Among direct methods, we rely on the multifrontal method , , . This method usually exhibits a good data locality and hence is efficient in cache-based systems. The task graph associated with the multifrontal method is in the form of a tree whose characteristics should be exploited in a parallel implementation.

Our work is organized along two main research directions. In the first one we aim at efficiently addressing new architectures that include massive, hierarchical parallelism. In the second one, we aim at reducing the running time complexity and the memory requirements of direct solvers, while controlling accuracy.

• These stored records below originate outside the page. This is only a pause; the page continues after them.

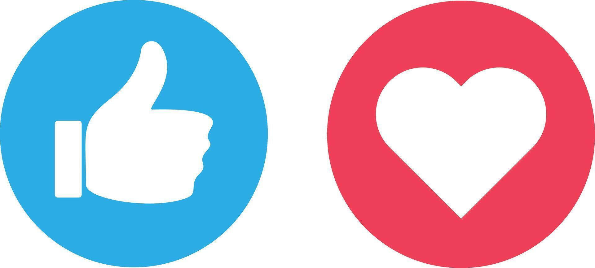 Thumb up and heart icon illustration showing like and love button symbol for social media app ui ux and web design on transparent background. Pro Vector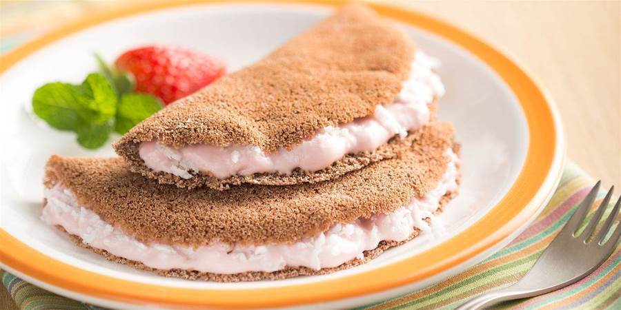 Coloque um pouco de recheio em cada disco de Tapioca reservado. Sirva.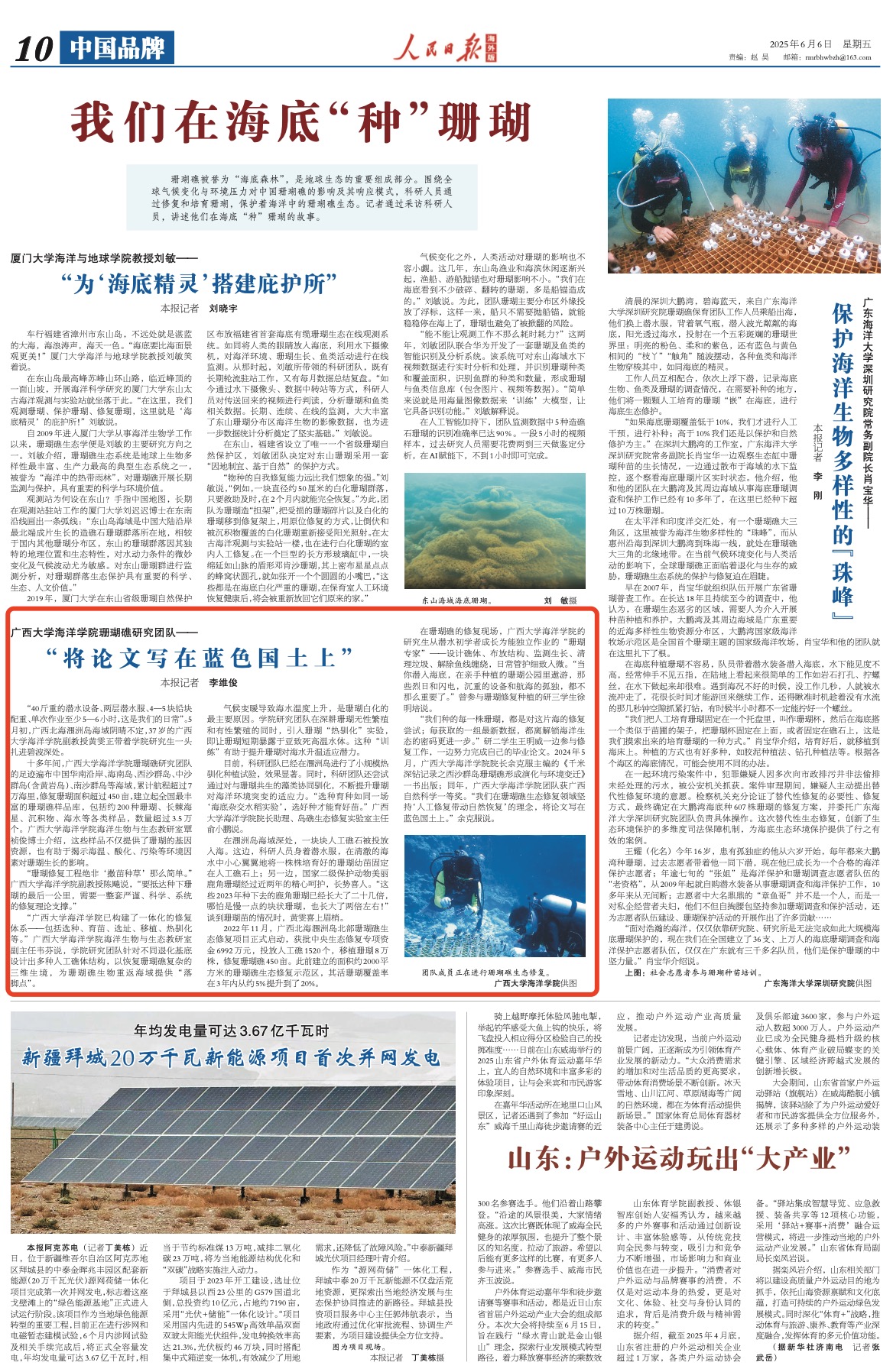 “我们种的每一株珊瑚,都是对这片海的修复尝试;每获取的一组最新数据,都离解锁海洋生态的密码更进一步。”研二学生王明威一边参与修复工作,一边努力完成自己的毕业论文。2024年5月,新葡的京集团8814检测站海洋学院院长余克服主编的《千米深钻记录之西沙群岛珊瑚礁形成演化与环境变迁》一书出版;同年,新葡的京集团8814检测站海洋学院团队获广西自然科学一等奖。“我们在珊瑚礁生态修复领域坚持‘人工修复带动自然恢复’的理念,将论文写在蓝色国土上。”余克服说。

Combinatorial scientific computing (CSC) is a recently coined term (circa 2002) for interdisciplinary research at the intersection of discrete mathematics, computer science, and scientific computing. In particular, it refers to the development, application, and analysis of combinatorial algorithms to enable scientific computing applications. CSC's deepest roots are in the realm of direct methods for solving sparse linear systems of equations where graph theoretical models have been central to the exploitation of sparsity, since the 1960s. The general approach is to identify performance issues in a scientific computing problem, such as memory use, parallel speed up, and/or the rate of convergence of a method, and to develop combinatorial algorithms and models to tackle those issues.

Our target scientific computing applications are (i) the preprocessing phases of direct methods (in particular MUMPS), iterative methods, and hybrid methods for solving linear systems of equations; and (ii) the mapping of tasks (mostly the sub-tasks of the mentioned solvers) onto modern computing platforms. We focus on the development and use of graph and hypergraph models, and related tools such as hypergraph partitioning algorithms, to solve problems of load balancing and task mapping. We also focus on bipartite graph matching and vertex ordering methods for reducing the memory overhead and computational requirements of solvers. Although we direct our attention on these models and algorithms through the lens of linear system solvers, our solutions are general enough to be applied to some other resource optimization problems.

The quest for efficient, yet portable, implementations of dense linear algebra kernels (QR, LU, Cholesky) has never stopped, fueled in part by each new technological evolution. First, the LAPACK library relied on BLAS level 3 kernels (Basic Linear Algebra Subroutines) that enable to fully harness the computing power of a single CPU. Then the ScaLAPACK library built upon LAPACK to provide a coarse-grain parallel version, where processors operate on large block-column panels. Inter-processor communications occur through highly tuned MPI send and receive primitives. The advent of multi-core processors has led to a major modification in these algorithms , , . Each processor runs several threads in parallel to keep all cores within that processor busy. Tiled versions of the algorithms have thus been designed: dividing large block-column panels into several tiles allows for a decrease in the granularity down to a level where many smaller-size tasks are spawned. In the current panel, the diagonal tile is used to eliminate all the lower tiles in the panel. Because the factorization of the whole panel is now broken into the elimination of several tiles, the update operations can also be partitioned at the tile level, which generates many tasks to feed all cores.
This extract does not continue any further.